Knowledge is a justified true belief

>Knowledge is a justified true belief.

So this is the power of the Greeks.

An aspiration.

A justified true belief doesn't necessarily need to be desirable though. There's truth in cynicism.
aka: > the dark side

There are many people who desire the ability to desire the undesirable.

this isn't the joe rogan thread buddy

undesirable universally or undesirable to them?

Truth is truth. Belief comes from the will to have faith in what is believed to be true.

*blocks your episteme*

not without empirical evidence fucker, don't expect everyone to go looking for the ocean when they can only see the stream

>Truth is truth.
Truth is false.

>Truth is false.
Is this statement true?

ok user ur a dumbfuck... if no one sees the ocean and doesn't believe it, waves still rise and fall.

Plato and Socrates haven't taught you a single thing, huh?

If I so desire.

Inconceivable at the moment.
I don't wish to harm children, but I wish to have the mental ability to control myself to the point where I could do so.
There are people who act it out.

It's contentious whether Plato really thought this. From my reading of the Phaedo (or whatever one had the slave-boy in it) knowledge is more than justified true belief

No

Definitely not. Plato actually finds this definition to be insufficient and Gettier decisively demonstrated that knowledge must be something more than this. One of the best example of actual progress in philosophy

Nice trips.

That does not appear in the Greeks. Plato though has "true opinion with an account (logos)" at one point, and depending on how you construe the "account" you can avoid Gettier problems.

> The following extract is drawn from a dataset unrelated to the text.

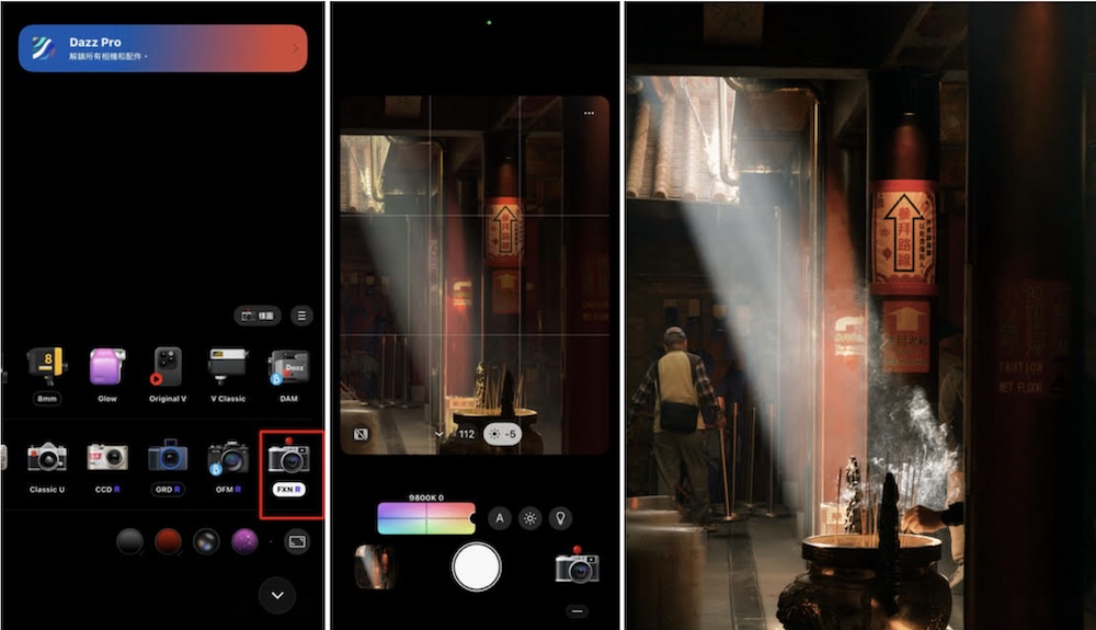 紀映光也分享,他在 Dazz 相機中最常使用的濾鏡為「FXN R」,這個濾鏡模式的色調和畫質表現都非常出色,並可調整白平衡和曝光度,讓拍攝出來的畫面呈現更鮮明的個人風格。

Suppose that Smith and Jones have applied for a certain job. And suppose that Smith has strong evidence for the following conjunctive proposition: (d) Jones is the man who will get the job, and Jones has ten coins in his pocket.

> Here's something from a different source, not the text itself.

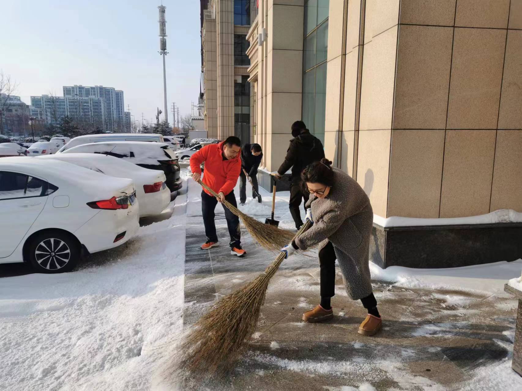 近期,受大范围降雪影响,周边道路多有结冰,新华保险泰安中心支公司组织辖内各机构开展战风雪、保服务,主动清理积雪,送金融服务上门,积极履行社会责任,为广大群众开辟“暖心路”,提供“暖服务”。

Smith's evidence for (d) might be that the president of the company assured him that Jones would in the end be selected, and that he, Smith, had counted the coins in Jones's pocket ten minutes ago. Proposition (d) entails: (e) The man who will get the job has ten coins in his pocket.

Let us suppose that Smith sees the entailment from (d) to (e), and accepts (e) on the grounds of (d), for which he has strong evidence. In this case, Smith is clearly justified in believing that (e) is true.

But imagine, further, that unknown to Smith, he himself, not Jones, will get the job. And, also, unknown to Smith, he himself has ten coins in his pocket. Proposition (e) is then true, though proposition (d), from which Smith inferred (e), is false. In our example, then, all of the following are true: (i) (e) is true, (ii) Smith believes that (e) is true, and (iii) Smith is justified in believing that (e) is true. But it is equally clear that Smith does not know that (e) is true; for (e) is true in virtue of the number of coins in Smith's pocket, while Smith does not know how many coins are in Smith's pocket, and bases his belief in (e) on a count of the coins in Jones's pocket, whom he falsely believes to be the man who will get the job.

Checkmate, Greeks.

What kind of mental gymnactics is this?

This shit sounds like a fraiser episode.

True knowledge is knowledge that provides the best results for practice.
EMBRACE IT, YOU'RE QUIXOTE.

It's an example of a justified true belief without knowledge, proving they are not the same thing.